» TRY IT:
Apart from the pictures, which must be omitted, restate the data exactly.
COLLECTED DATA section start
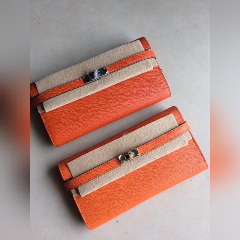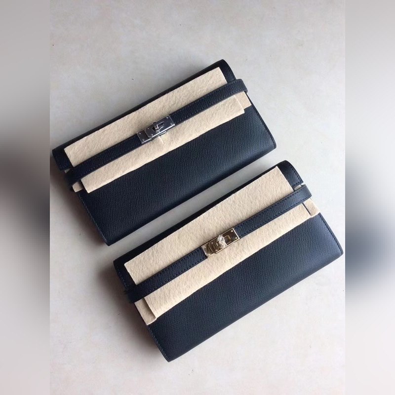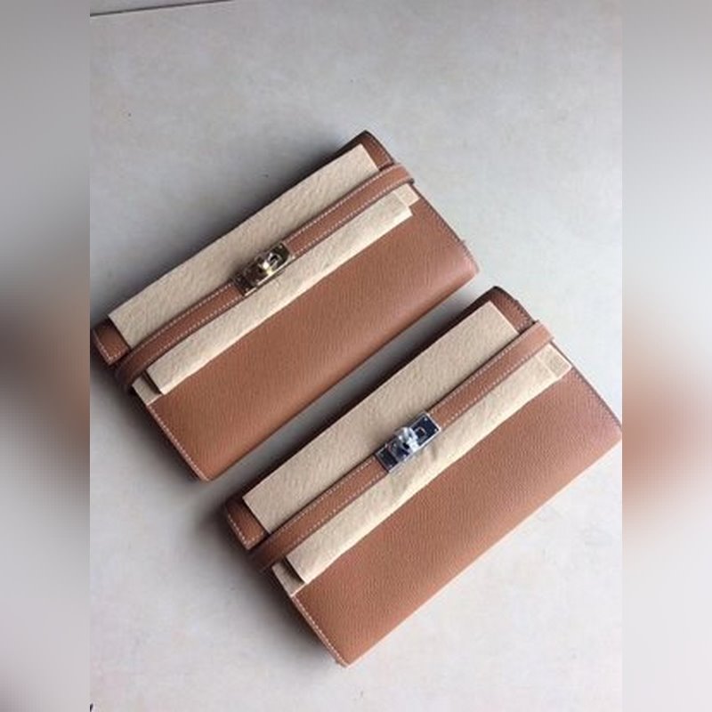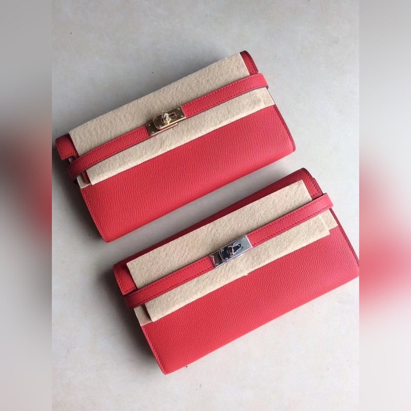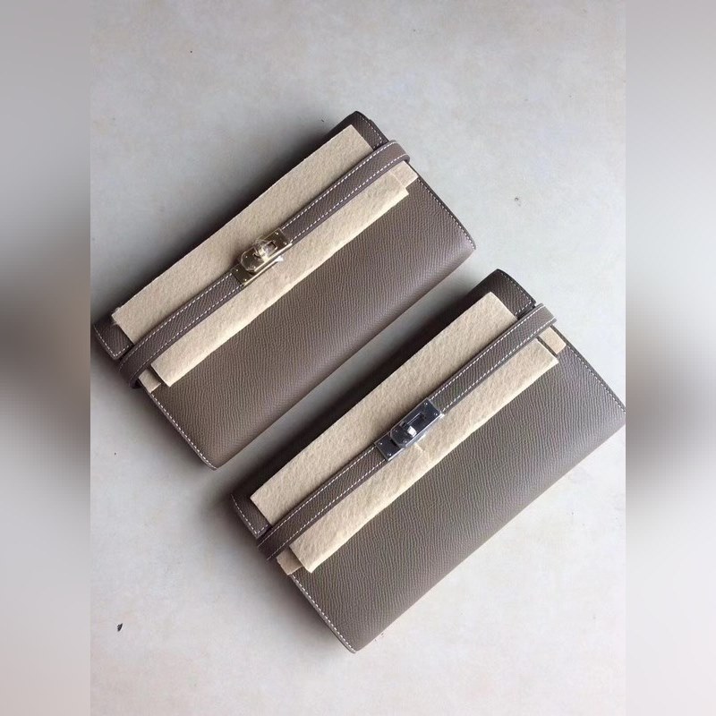 Portefeuille Hermès Kelly en cuir Epsom, boucle dorée et argentée.
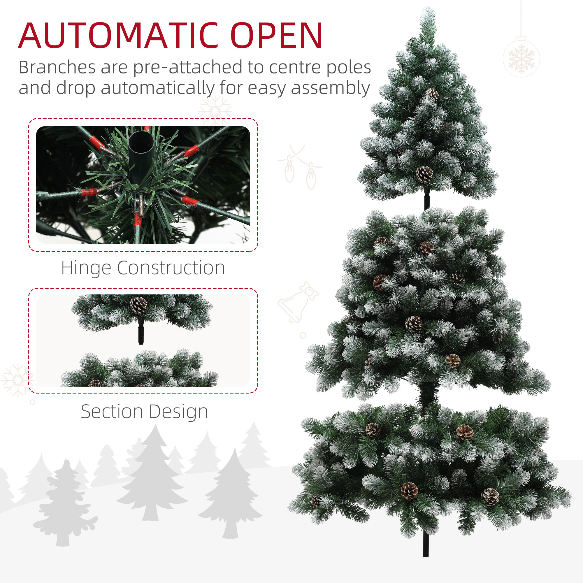 Bring the feel of nature into your christmas festivities, with this HOMCOM 6ft artificial christmas tree. It comes as a winter pine tree design, with snowy white ends and covered with pine cones—a beautiful design great for the season. The bare design allows you to dress up with whatever lights and decorations you want; personalise it how you want. Made from flame-retardant plastic, this is a safe and tough xmas tree, complete with a metal base to stand steady.
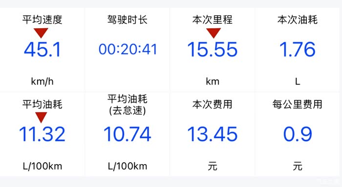 单趟15公里,平均时速45公里每小时,路况通畅。
COLLECTED DATA section end
» EXPECTED OUTPUT:
 Portefeuille Hermès Kelly en cuir Epsom, boucle dorée et argentée.
 Bring the feel of nature into your christmas festivities, with this HOMCOM 6ft artificial christmas tree. It comes as a winter pine tree design, with snowy white ends and covered with pine cones—a beautiful design great for the season. The bare design allows you to dress up with whatever lights and decorations you want; personalise it how you want. Made from flame-retardant plastic, this is a safe and tough xmas tree, complete with a metal base to stand steady.
 单趟15公里,平均时速45公里每小时,路况通畅。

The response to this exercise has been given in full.